■ TASK ITEM
Please set down only the lines below starting with the line with "Elegant Plus Size" and going on through the line with "Hoy he cambiado", verbatim and without pictures.

■ PROVIDED INFORMATION
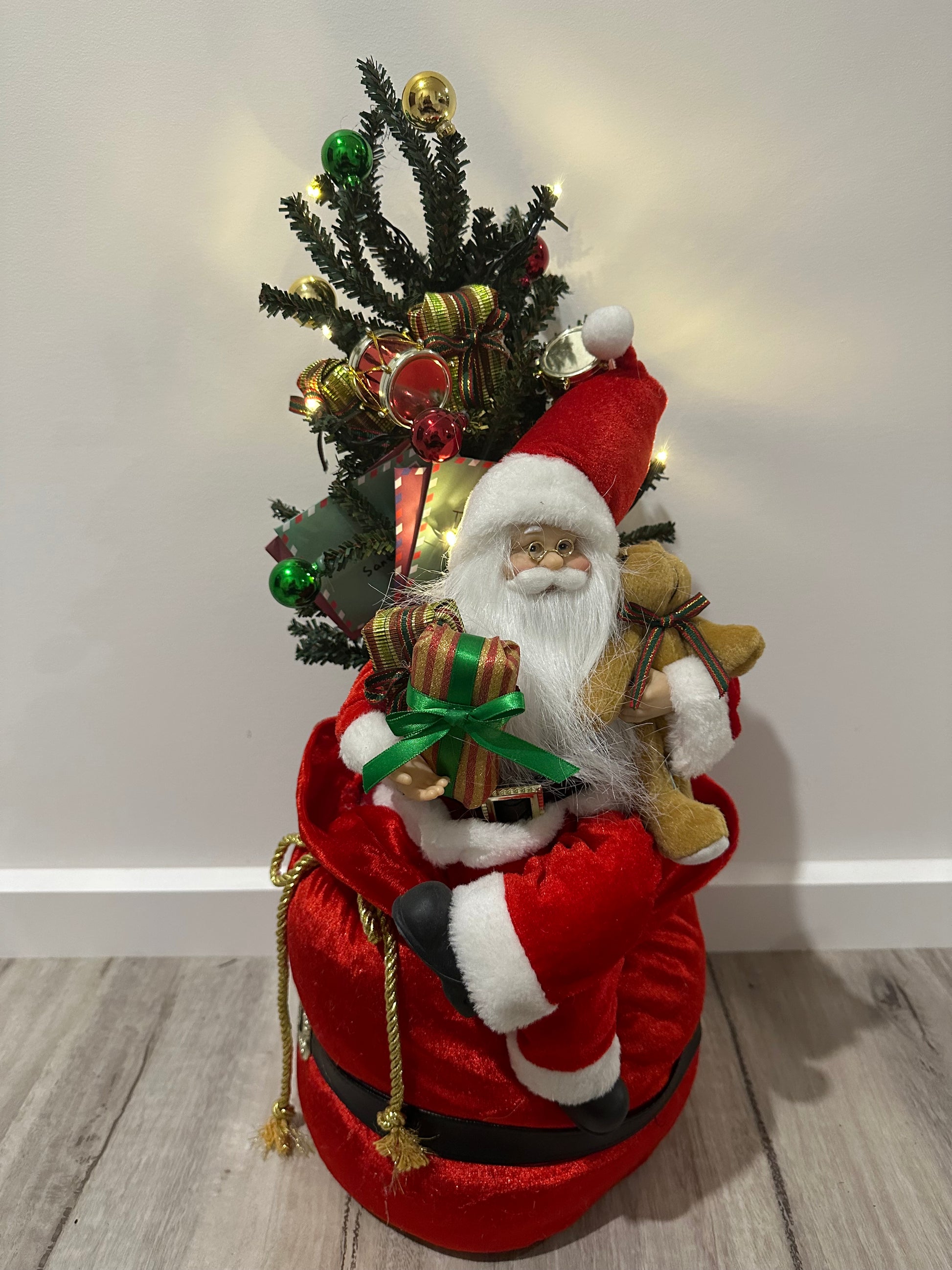 Santa is sure to bring you joy sitting on top of this gorgeous sack. His Christmas tree is covered in beautiful little shiny baubles and lights. A teddy bear and letters to Santa to finish it off nicely.
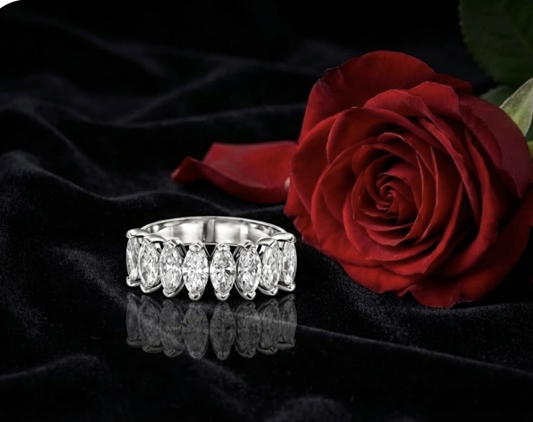 טבעת זהב משובצת 7 יהלומי מרקיזה – 14K
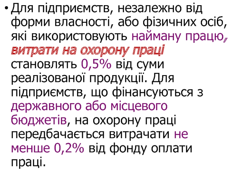 суми реалізованої продукції. Для підприємств, що фінансуються з державного або місцевого бюджетів, на охорону праці передбачається витрачати не менше 0,2% від фонду оплати праці.
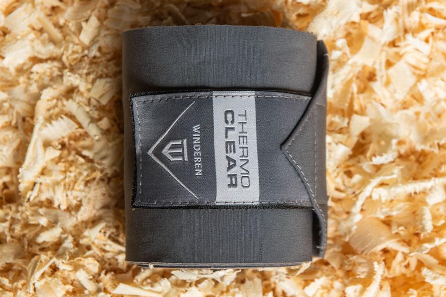 Thermo Clear thermoaktiiviset pintelit on valmistettu materiaaleista, joissa on höyryä läpäisevä kalvo, joka ei tartu lastuihin ulkopuolelta. Käytetyn materiaalin ansiosta nämä siteet eivät ainoastaan pidä jalkoja tehokkaasti lämpiminä käärimisen jälkeen, vaan ne myös sallivat hengityksen koko pinnallaan ja siirtävät aktiivisesti kosteutta pois ja auttavat siten välttämään jänteiden ylikuumenemista.
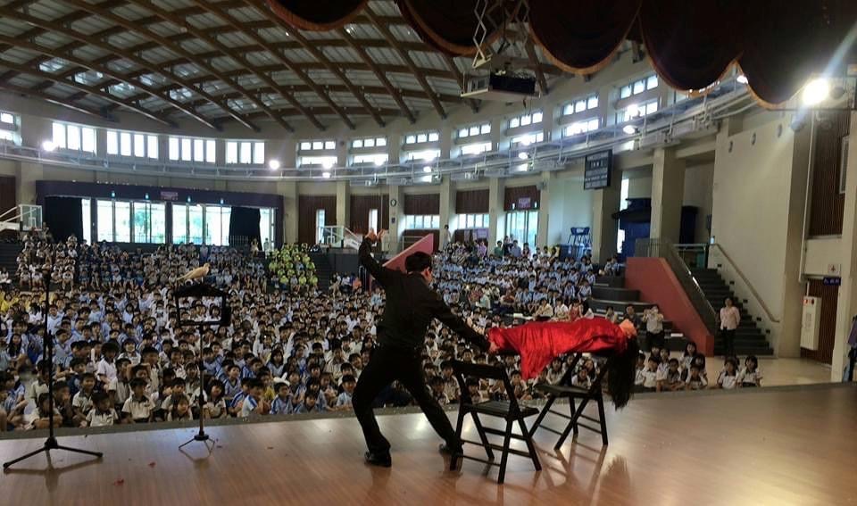 面對全校上千名師生,邀請老師和同學一起上台表演互動魔術,
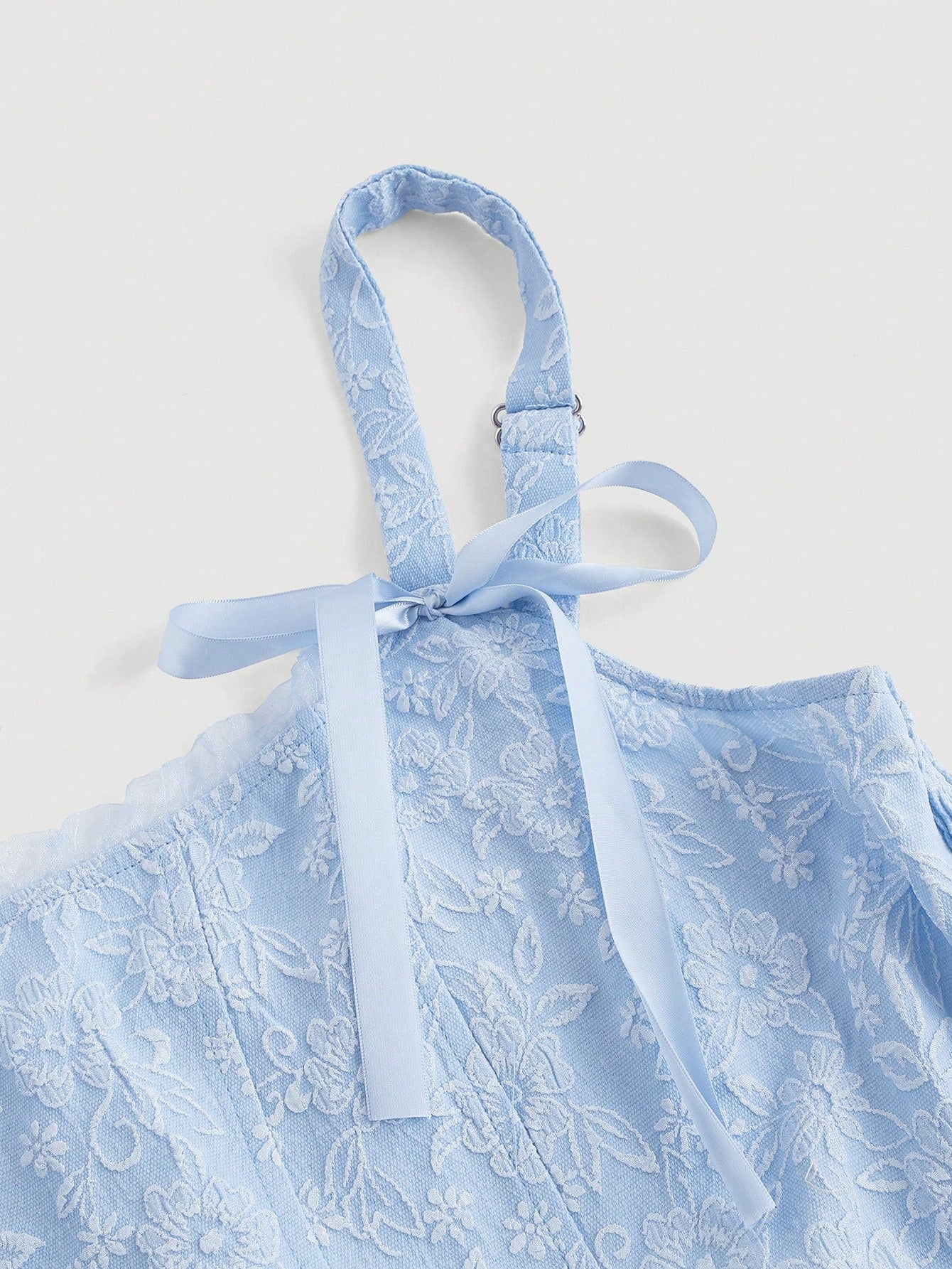 Elegant Plus Size Summer Spaghetti Strap Dress with Bowknot Detail
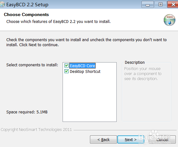 接下来是组件的选择,第一个是必选的,第二是桌面快捷相关的,不想在桌面上创建的话可以去掉勾选。
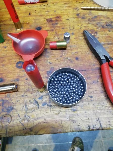 Hoy he cambiado los perdigones a varios del 36/65 y del 410. Al primero le he metido una bala casera y al segundo perdigon del 00.
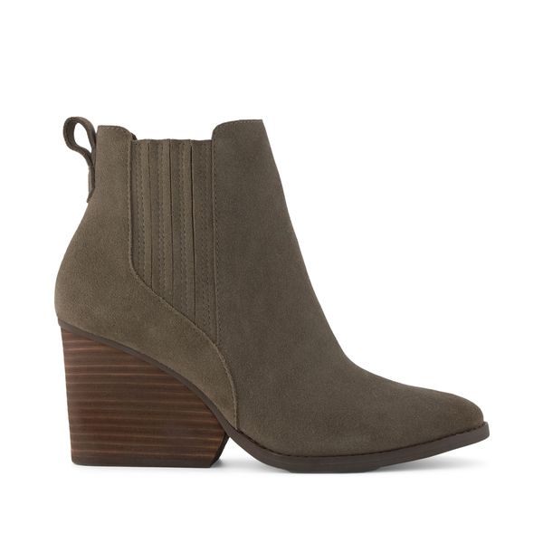 Rise above in the vintage-inspired Noa ankle boot. A sculpted leather-wrapped wedge gives this Chelsea boot the perfect amount of lift, offset by versatile olive suede uppers. CloudBound™ insoles provide support and feel as light and comfy as a cloud so you can float through your day with ease. Suede uppers. TOMS leather products support responsible manufacturing via the Leather Working Group.
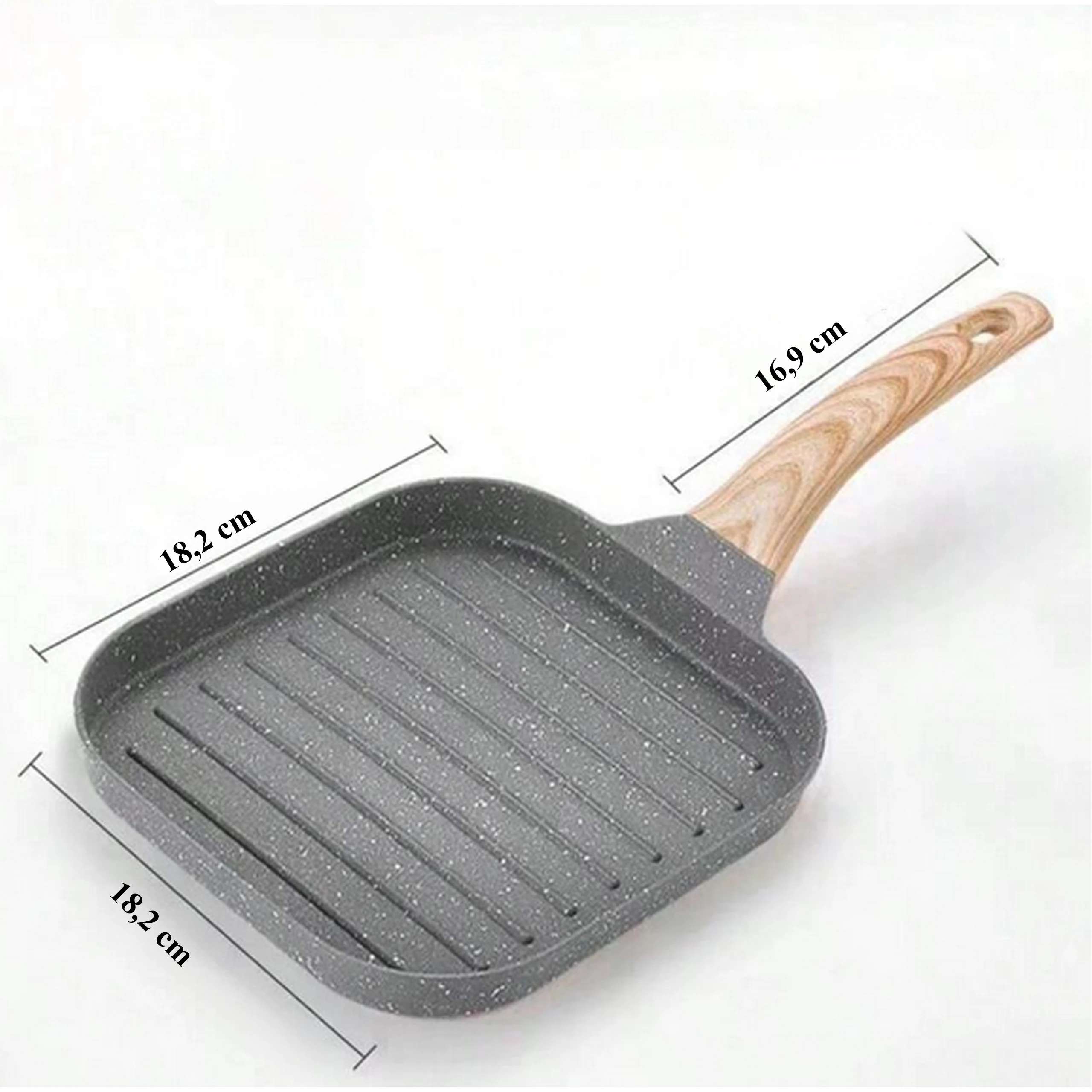 Kompaktná grilovacia panvica RealG RC-K-628 je určená na každodenné varenie doma aj na cestách. Štvorcová plocha s rozmermi 18,2 × 18,2 cm a nízkym profilom 2 cm je ideálna na rýchle raňajky a večere. Celková dĺžka 34,8 cm s rukoväťou uľahčuje manipuláciu a umožňuje pohodlné servírovanie priamo na tanier. Vďaka svojej univerzálnosti môžete panvicu použiť na prípravu vajec, palaciniek, zemiakových plackov, mini omeliet a iných lahôdok.
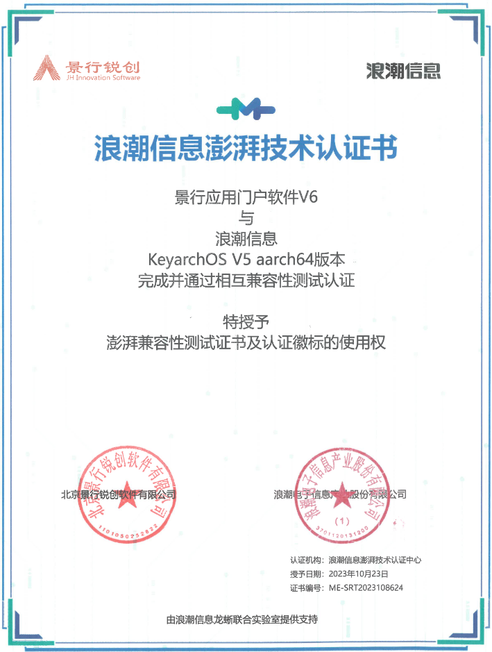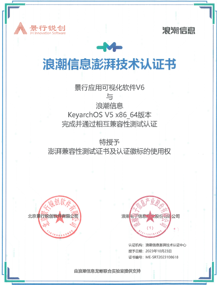 日前,北京景行锐创软件有限公司(简称景行锐创)与KeyarchOS通过浪潮信息澎湃技术认证,双方兼容性测试,景行安全控制软件V6、景行应用可视化软件V6、景行应用门户软件V6、景行资源分析软件V6、景行资源管理与调度软件V6在KeyarchOS V5平台上运行稳定高效,整体表现良好,满足用户需求。
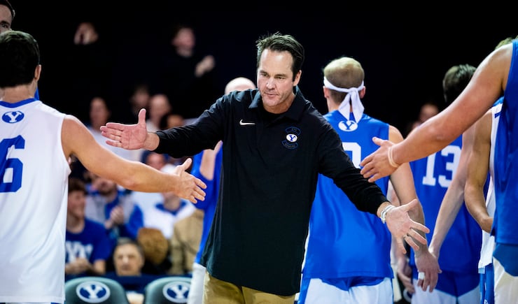 BYU head coach Shawn Olmstead slaps hands with his players as a timeout is taken during an NCAA men’s volleyball game against UC San Diego held at the George Albert Smith Fieldhouse in Provo on Friday, Jan. 16, 2026. | Isaac Hale, Deseret News
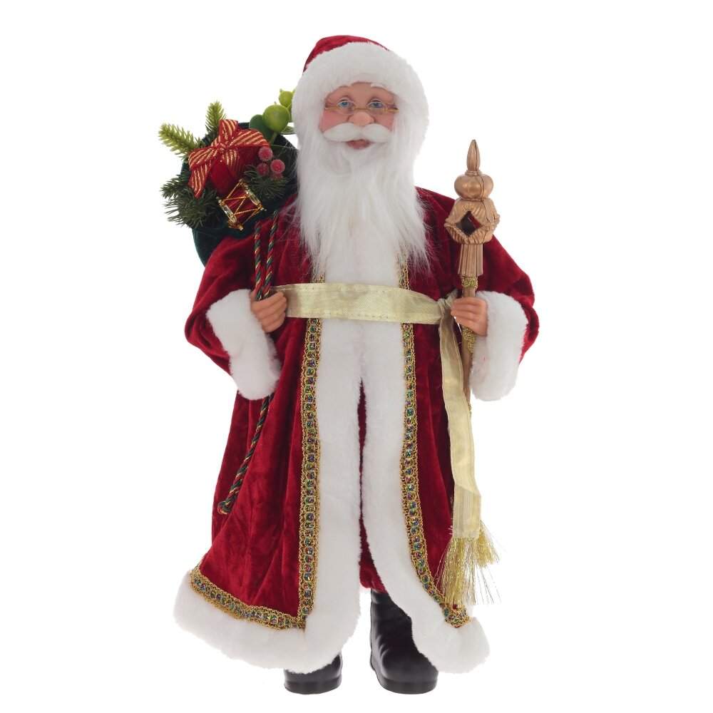 Дед Мороз — интерьерная новогодняя кукла.Он облачен в красную бархатную длинную шубу с белой меховой отделкой, которая придает ему торжественный вид. В руках Деда Мороза зеленый мешок с подарками и посох, что символизирует дух праздника. Лицо, руки и сапоги выполнены из полимерных материалов. Проработанная детализация с добрым выражением и пушистой мягкой бородой добавляет Дедушке Морозу особое обаяние и теплоту, делая его образ более живым и привлекательным. Эта кукла создаст праздничное настроение и станет ярким акцентом в вашем интерьере.

■ SOLUTION
 Elegant Plus Size Summer Spaghetti Strap Dress with Bowknot Detail
 接下来是组件的选择,第一个是必选的,第二是桌面快捷相关的,不想在桌面上创建的话可以去掉勾选。
 Hoy he cambiado los perdigones a varios del 36/65 y del 410. Al primero le he metido una bala casera y al segundo perdigon del 00.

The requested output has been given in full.